Admissible decomposition for spectral multipliers on Gaussian L^p

TL;DR

This paper studies a new way to decompose spectral multipliers of the Ornstein-Uhlenbeck operator on Gaussian space, proving boundedness in L^p spaces for 1<p≤2 using a novel connection with hypercontractivity.

Contribution

It introduces an admissible decomposition method for spectral multipliers and establishes its boundedness in Gaussian L^p spaces, linking it with hypercontractivity.

Findings

Admissible decomposition is bounded in L^p(\gamma) for 1<p≤2.

The proof connects admissibility with E. Nelson's hypercontractivity theorem.

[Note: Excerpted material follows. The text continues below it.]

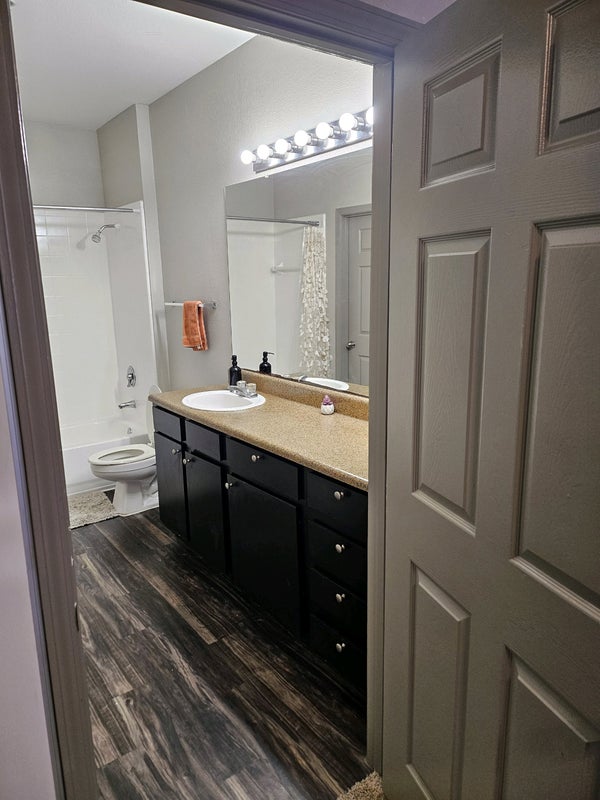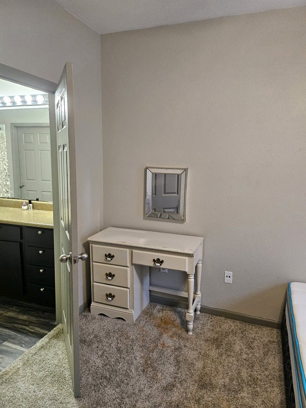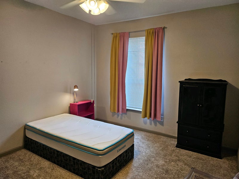 Renting out the 2nd bedroom with private attached bath and walk-in closet in my first floor, 2 bedroom apartment. The room is semi-furnished with a twin mattress and box spring, curtains, a tall dresser, side table, lamp, chair, vanity and mirror. I can remove furniture if that is absolutely necessary. The bathroom door leads to the hallway closet with the washer and dryer. The store can be locked if you so choose. The apartment is occupied by myself, female, 39 and 7 year old daughter. We are clean, respectful and we've had roommates before. We like to blast music and do art projects but we have common courtesy and can work around another person. I vape inside (nicotine), other than that I'm sober. Totally fine with alcohol in the house and smoking outside, just no hard drugs. All utilities included in monthly rent; electricity, gas, water, trash, Google fiber, apartment fees, as well as use of the gym, pool and hot tub. Mailboxes onsite. Gated. Parking lot is first come first serve. Valet trash. Looking for a decent human to share our space.

Provides a new harmonic analysis approach for Gaussian measures.

Abstract

This paper concerns harmonic analysis of the Ornstein--Uhlenbeck operator L on the Euclidean space. We examine the method of decomposing a spectral multiplier \phi(L) into three parts according to the notion of admissibility, which quantifies the doubling behaviour of the underlying Gaussian measure \gamma. We prove that the above-mentioned admissible decomposition is bounded in L^p(\gamma) for 1 < p \leq 2 in a certain sense involving the Gaussian conical square function. The proof relates admissibility with E. Nelson's hypercontractivity theorem in a novel way.